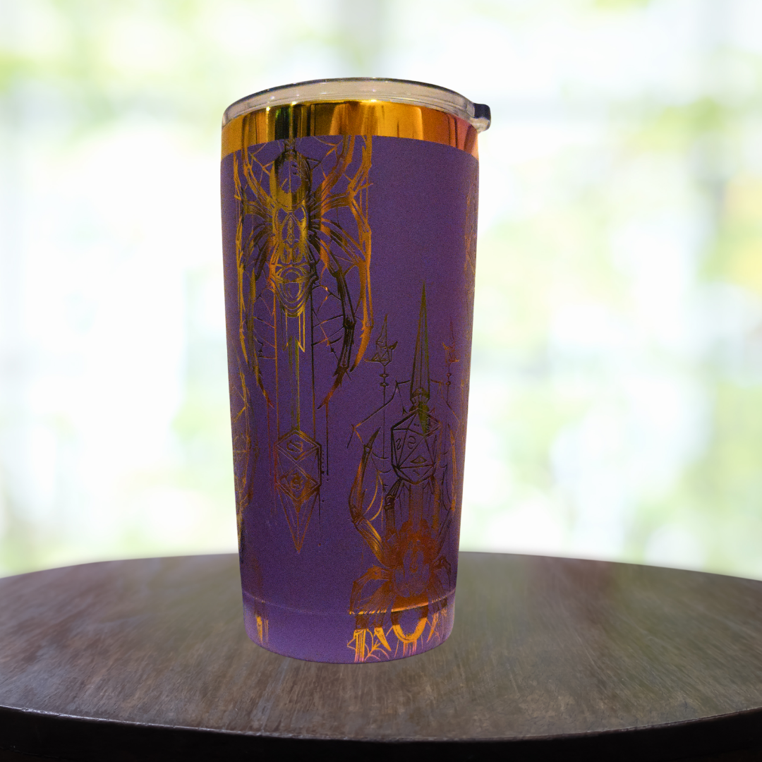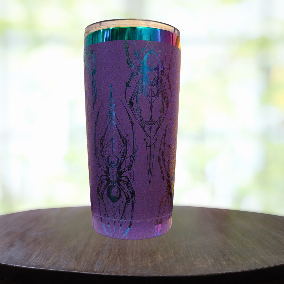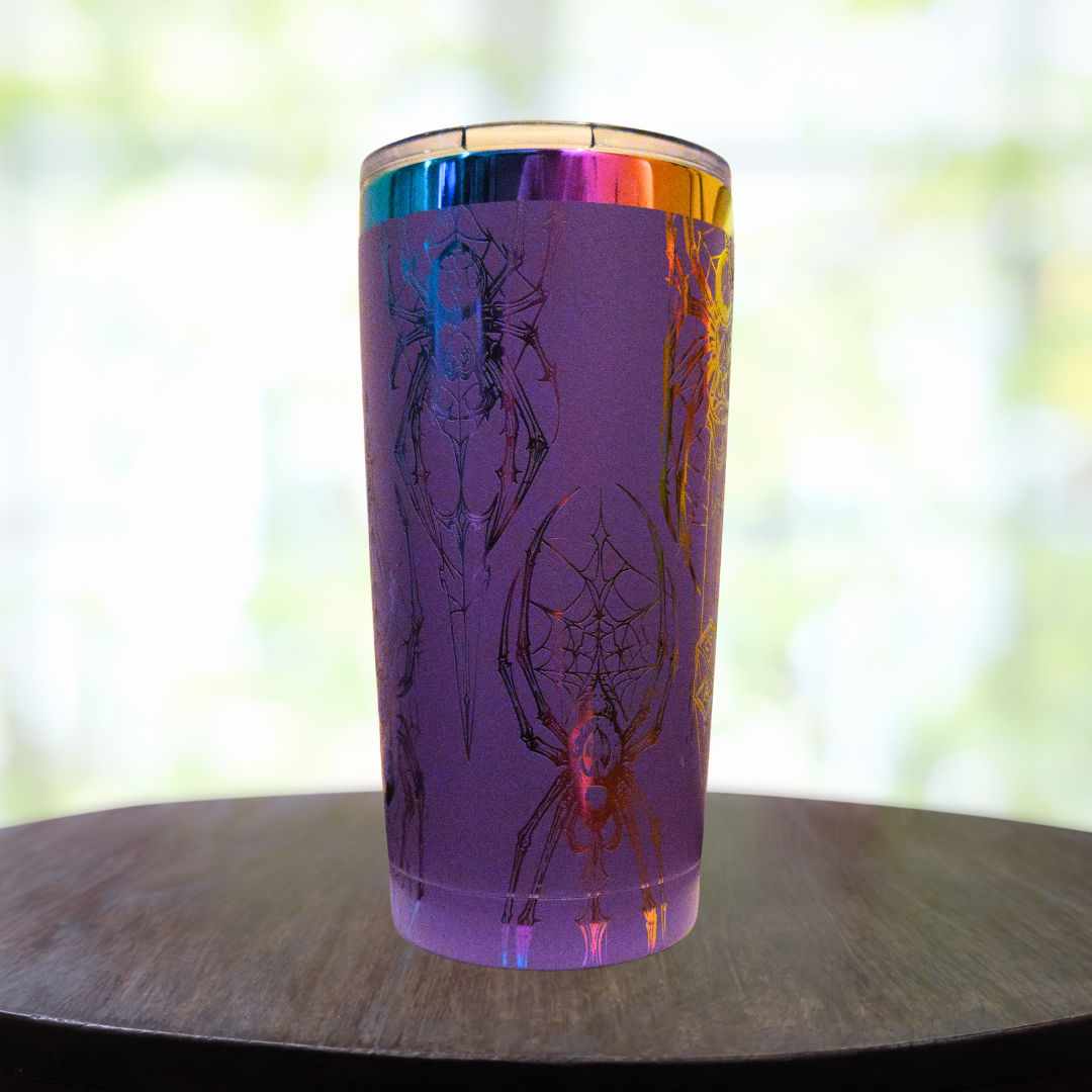 Crafted to keep your beverages at the ideal temperature, this tumbler not only serves its purpose but also showcases a beautifully engraved spider design. Sip in style and let your personality shine with every drink!
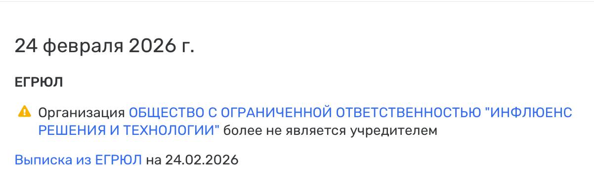 🤔Из ООО «Перфлюенс» вышел учредитель, юрлицо ООО «Инфлюенс решения и технологии». Компания ликвидирована в январе этого года. До этого права владения были забавно закольцованы.
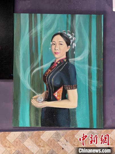 ▲俄罗斯青年画家萨莎创作的画作《黎族姑娘》。受访者供图
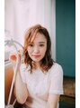 ミディアムロングにカールを加えたパーマスタイルです!カールは全体に大きくゆるっとしているのでがんばりすぎていない感じがちょうどいいスタイル!スタイリングはツヤ感とウェット感をだすためにオイル系のスタイリング剤がおすすめ!
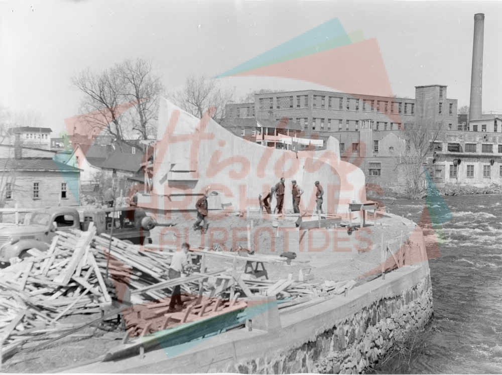 Construction de la grotte Sainte-Marcelle, à la pointe de l’île Perreault. En arrière-plan, on peut voir la Regent Knitting Mills.
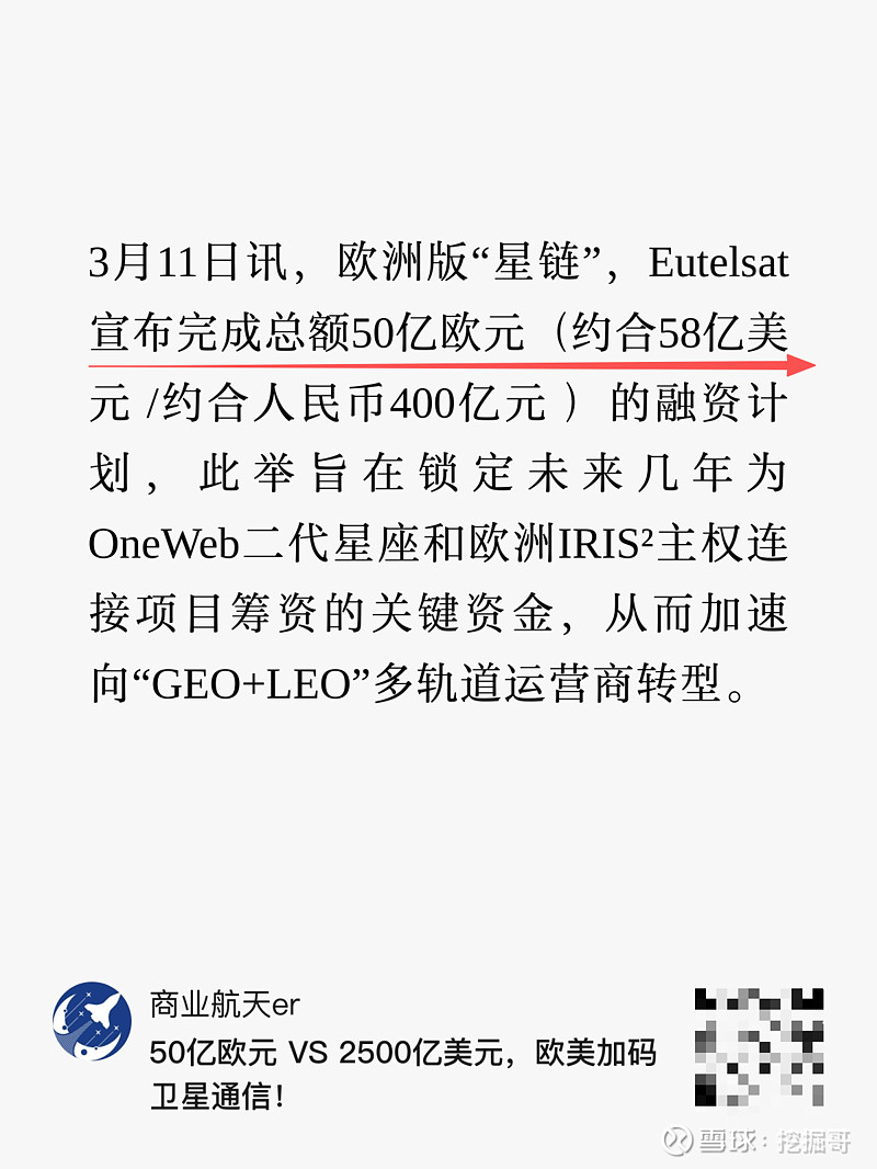 欧洲卫星通信巨头Eutelsat近期完成总额50亿欧元(约合58亿美元)的再融资计划,标志着其向“GEO+LEO”多轨道运营商转型的关键一步。
^^^^^^^^
→ **Task instructions**: Leaving the pictures aside, give back all the records exactly as they are.

→ **The completed task**:
 Crafted to keep your beverages at the ideal temperature, this tumbler not only serves its purpose but also showcases a beautifully engraved spider design. Sip in style and let your personality shine with every drink!
 🤔Из ООО «Перфлюенс» вышел учредитель, юрлицо ООО «Инфлюенс решения и технологии». Компания ликвидирована в январе этого года. До этого права владения были забавно закольцованы.
 ▲俄罗斯青年画家萨莎创作的画作《黎族姑娘》。受访者供图
 ミディアムロングにカールを加えたパーマスタイルです!カールは全体に大きくゆるっとしているのでがんばりすぎていない感じがちょうどいいスタイル!スタイリングはツヤ感とウェット感をだすためにオイル系のスタイリング剤がおすすめ!
 Construction de la grotte Sainte-Marcelle, à la pointe de l’île Perreault. En arrière-plan, on peut voir la Regent Knitting Mills.
 欧洲卫星通信巨头Eutelsat近期完成总额50亿欧元(约合58亿美元)的再融资计划,标志着其向“GEO+LEO”多轨道运营商转型的关键一步。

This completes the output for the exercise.